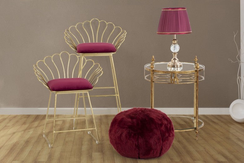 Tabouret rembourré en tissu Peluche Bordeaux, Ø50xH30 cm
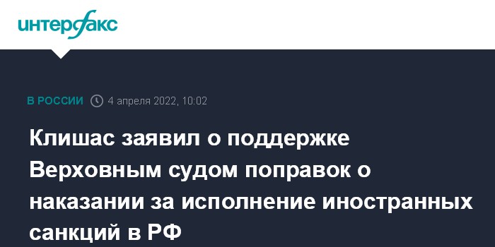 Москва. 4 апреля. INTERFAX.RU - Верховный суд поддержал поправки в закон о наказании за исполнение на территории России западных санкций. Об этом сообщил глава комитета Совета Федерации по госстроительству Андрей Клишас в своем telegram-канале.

********************

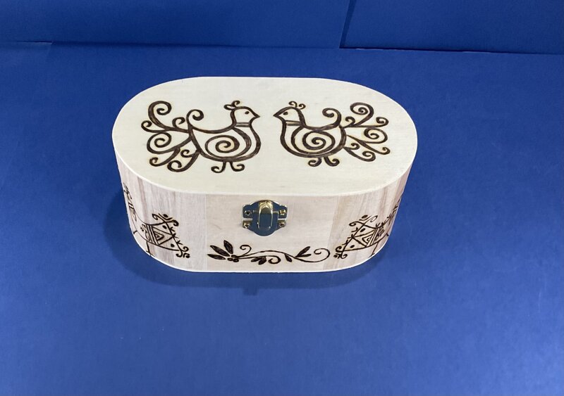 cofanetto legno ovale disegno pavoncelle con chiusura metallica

********************

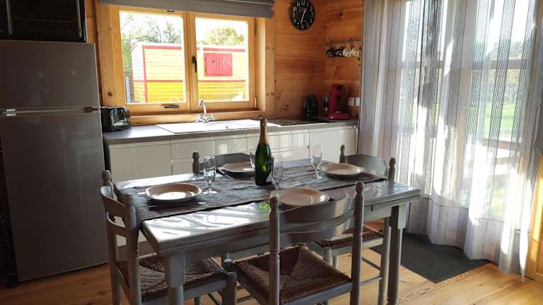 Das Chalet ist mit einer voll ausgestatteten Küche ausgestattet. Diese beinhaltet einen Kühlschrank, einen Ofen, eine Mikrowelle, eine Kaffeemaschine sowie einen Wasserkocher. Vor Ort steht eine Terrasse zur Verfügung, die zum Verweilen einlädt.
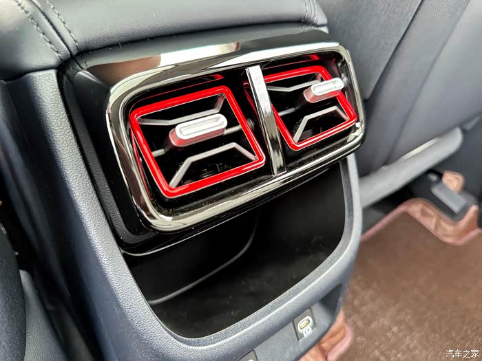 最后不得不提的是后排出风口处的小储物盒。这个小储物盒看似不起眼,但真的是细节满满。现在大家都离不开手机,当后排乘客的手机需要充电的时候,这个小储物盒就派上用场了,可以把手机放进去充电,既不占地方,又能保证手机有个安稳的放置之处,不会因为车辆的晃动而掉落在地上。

********************

• GOAL OF THE EXERCISE: Reproduce the lines above starting at the one with "Tabouret rembourré en" and ending at the one with "Москва. 4 апреля.", both included, exactly and with no pictures.

• REPLY:
 Tabouret rembourré en tissu Peluche Bordeaux, Ø50xH30 cm
 Москва. 4 апреля. INTERFAX.RU - Верховный суд поддержал поправки в закон о наказании за исполнение на территории России западных санкций. Об этом сообщил глава комитета Совета Федерации по госстроительству Андрей Клишас в своем telegram-канале.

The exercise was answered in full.